The follow-up has children's shoes curiosity, constructs the time of the Redis command and converts the order to protocol time, here together:

[Root@mysql-server1 ~]# time Python 1.py > Redis_commands.txt

real  0m0.110s
user  0m0.070s
sys  0m0.040s
[Root@mysql-server1 ~]# time sh 20.sh > Redis_data.txt

real  0m7.112s
user  0m5.861s
sys  0m1.255s

The above is the entire content of this article, I hope to help you learn, but also hope that we support the cloud habitat community.
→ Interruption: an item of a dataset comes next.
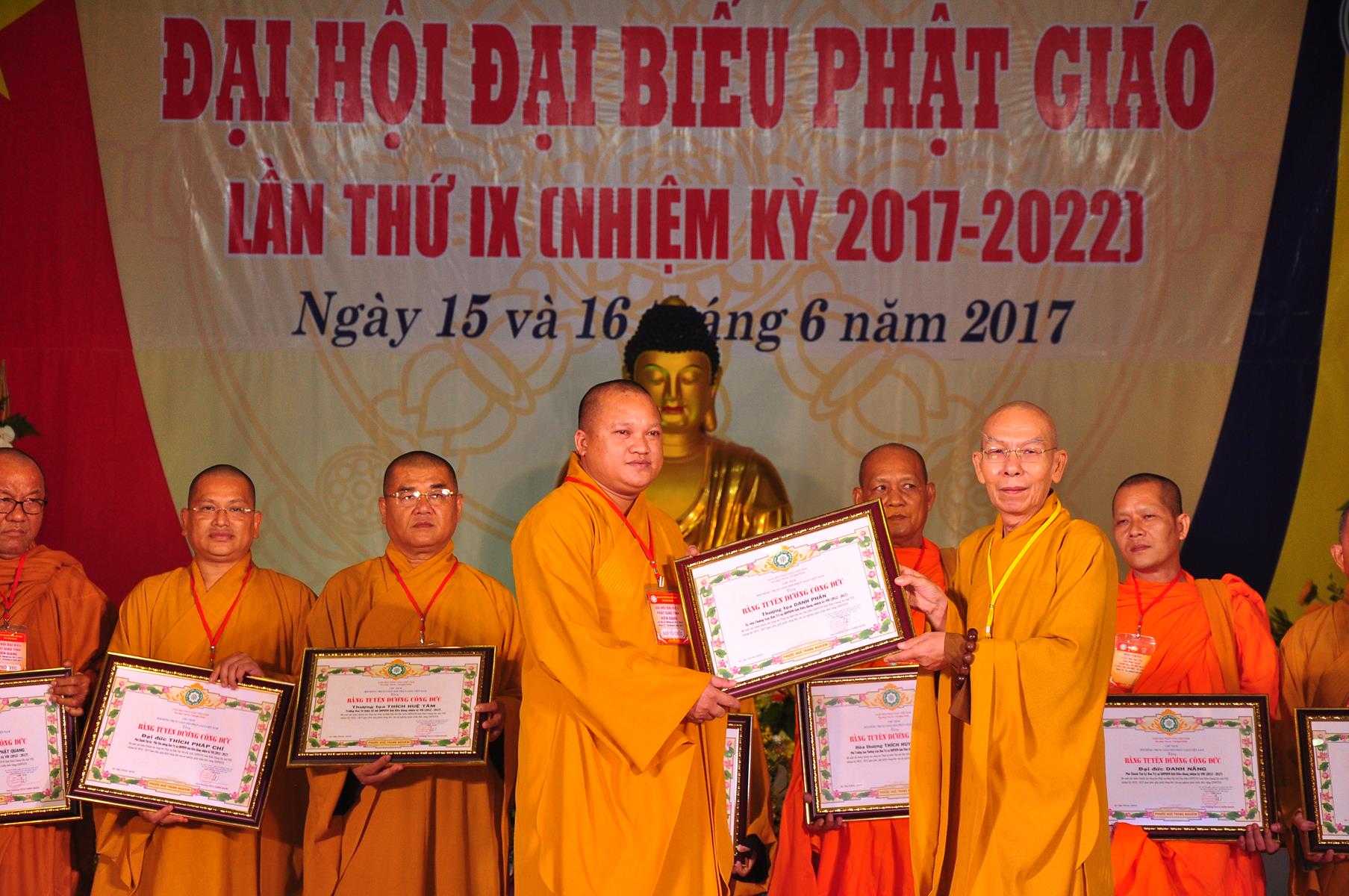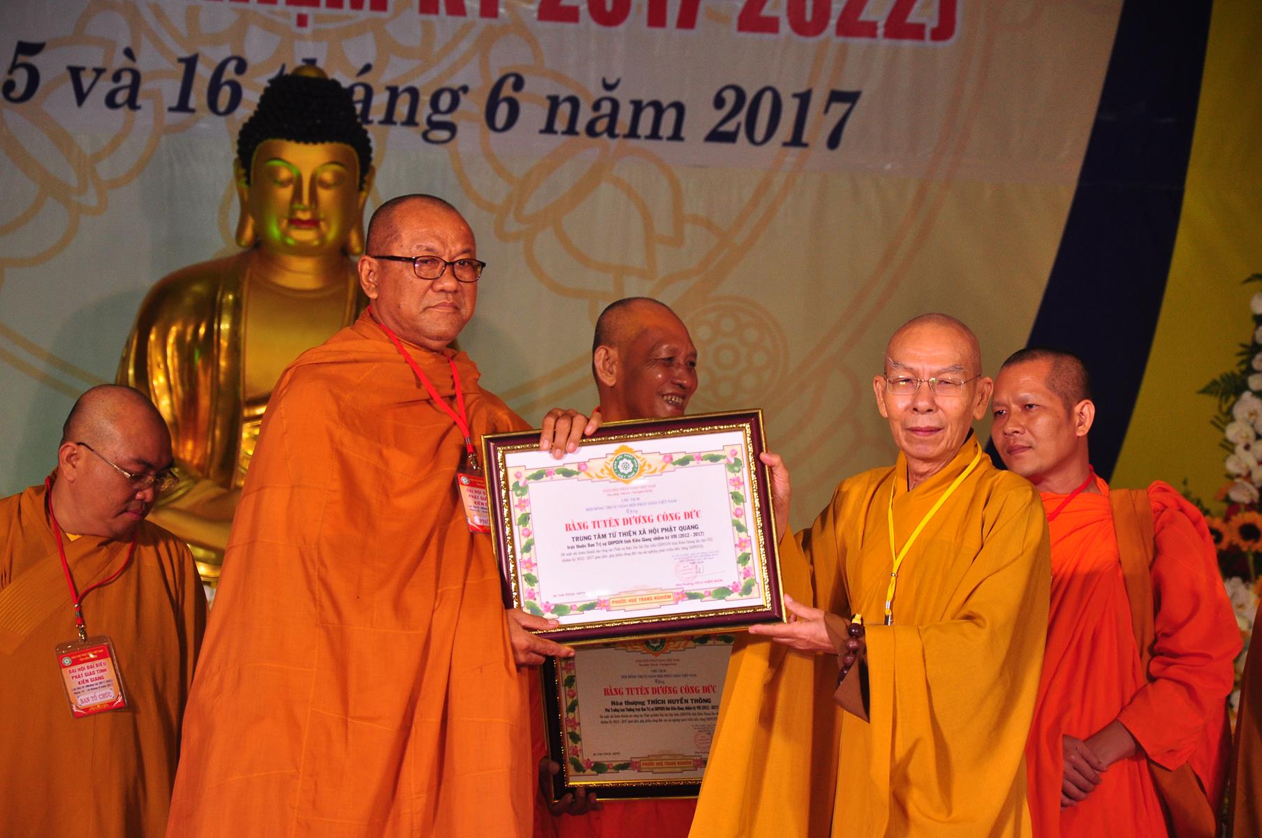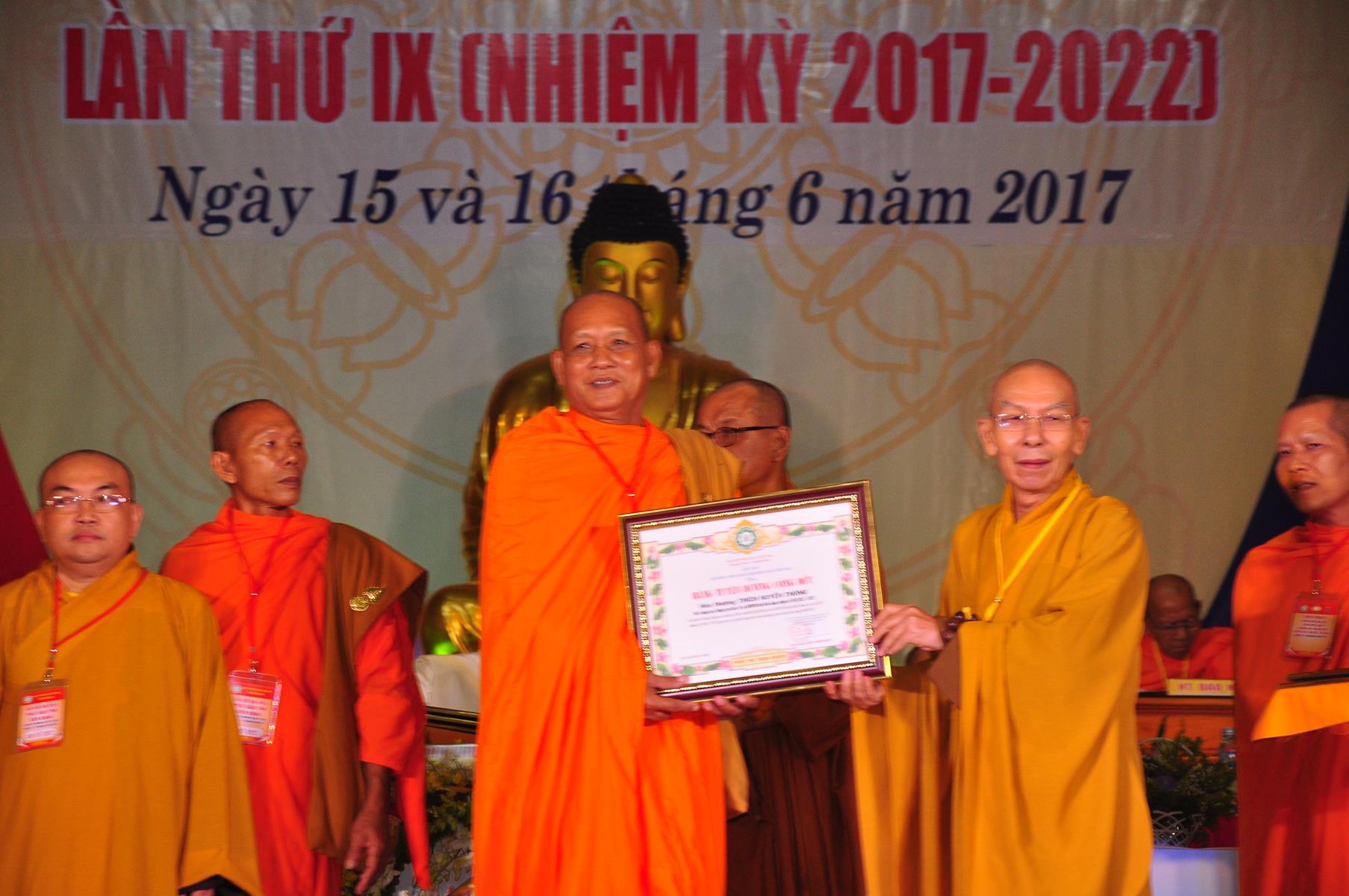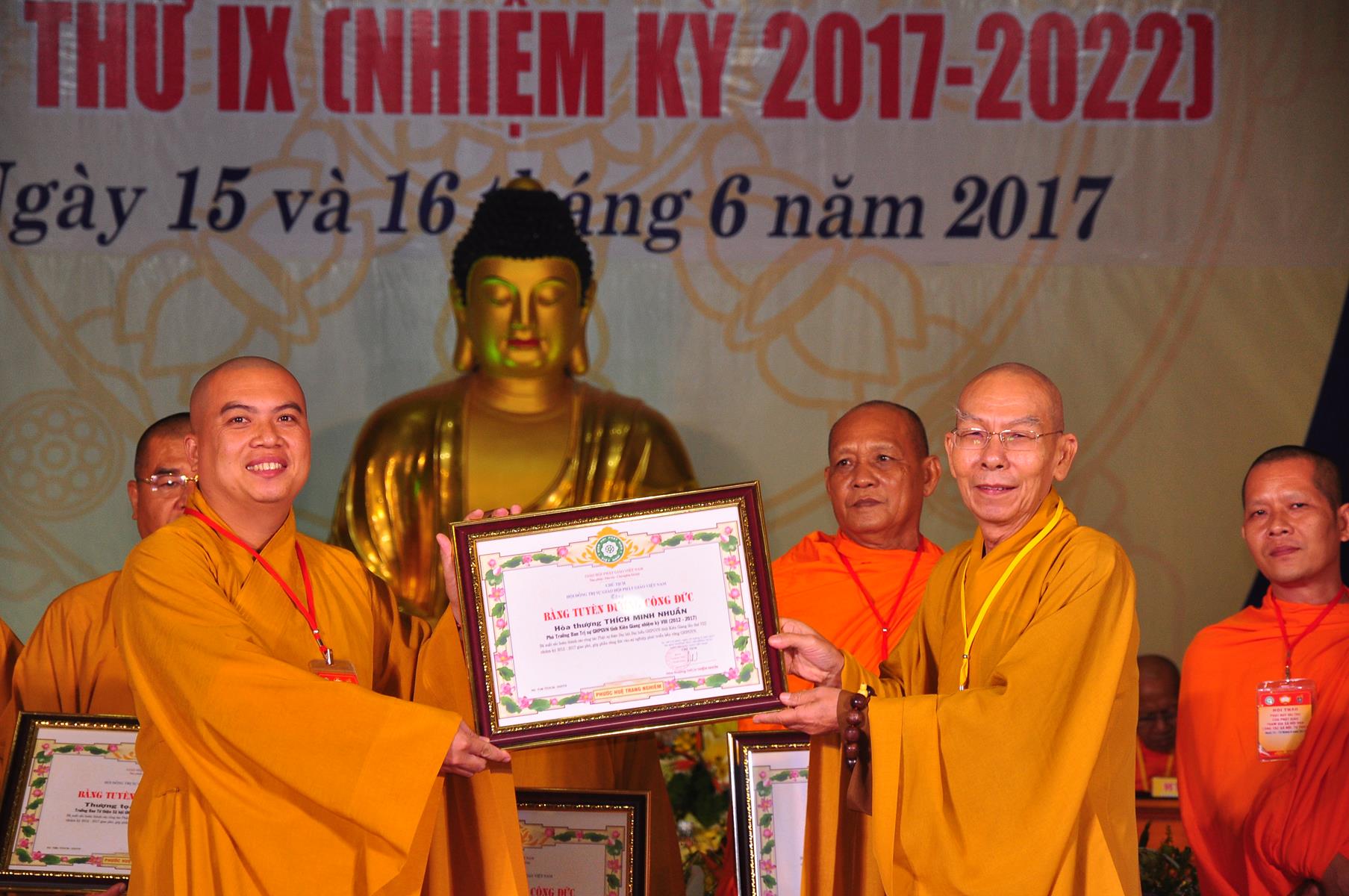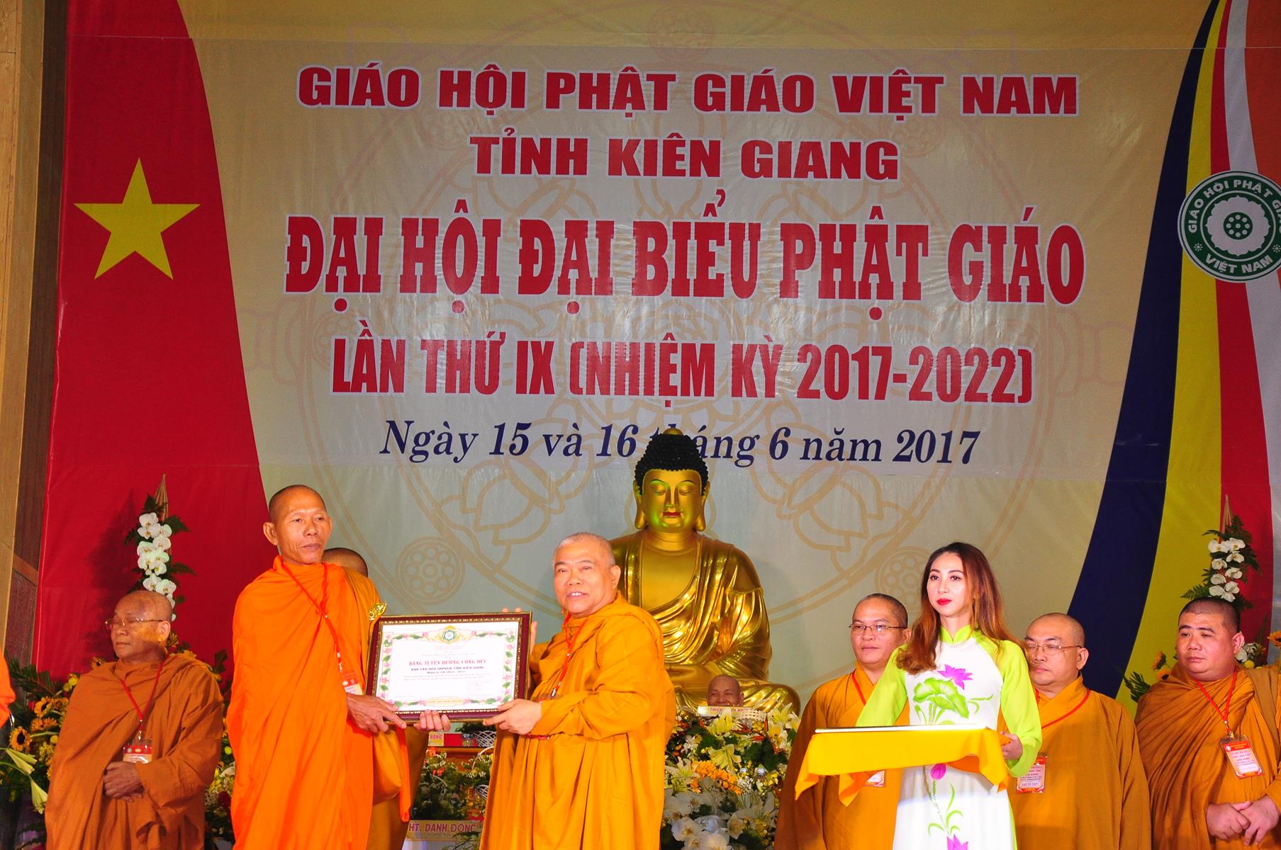 Tại Đại hội, Thường trực HĐTS quyết định tặng Bằng Tuyên Dương Công Đức cho 13 tập thể và 35 cá nhân xuất sắc trong hoạt động Phật sự nhiệm kỳ qua; Đồng thời, TT HĐTS tặng bằng Tuyên Dương Công Đức cho Ủy ban MTTQVN tỉnh Kiên Giang.

Alibaba Cloud Hot Products
Elastic Compute Service (ECS)	Dedicated Host (DDH)	ApsaraDB RDS for MySQL (RDS)	ApsaraDB for PolarDB(PolarDB)	AnalyticDB for PostgreSQL (ADB for PG)
AnalyticDB for MySQL(ADB for MySQL)	Data Transmission Service (DTS)	Server Load Balancer (SLB)	Global Accelerator (GA)	Cloud Enterprise Network (CEN)
Object Storage Service (OSS)	Content Delivery Network (CDN)	Short Message Service (SMS)	Container Service for Kubernetes (ACK)	Data Lake Analytics (DLA)
ApsaraDB for Redis (Redis)	ApsaraDB for MongoDB (MongoDB)	NAT Gateway	VPN Gateway	Cloud Firewall
Anti-DDoS	Web Application Firewall (WAF)	Log Service	DataWorks	MaxCompute
Elastic MapReduce (EMR)	Elasticsearch

This article is an English version of an article which is originally in the Chinese language on aliyun.com and is provided for information purposes only. This website makes no representation or warranty of any kind, either expressed or implied, as to the accuracy, completeness ownership or reliability of the article or any translations thereof. If you have any concerns or complaints relating to the article, please send an email, providing a detailed description of the concern or complaint, to info-contact@alibabacloud.com. A staff member will contact you within 5 working days. Once verified, infringing content will be removed immediately.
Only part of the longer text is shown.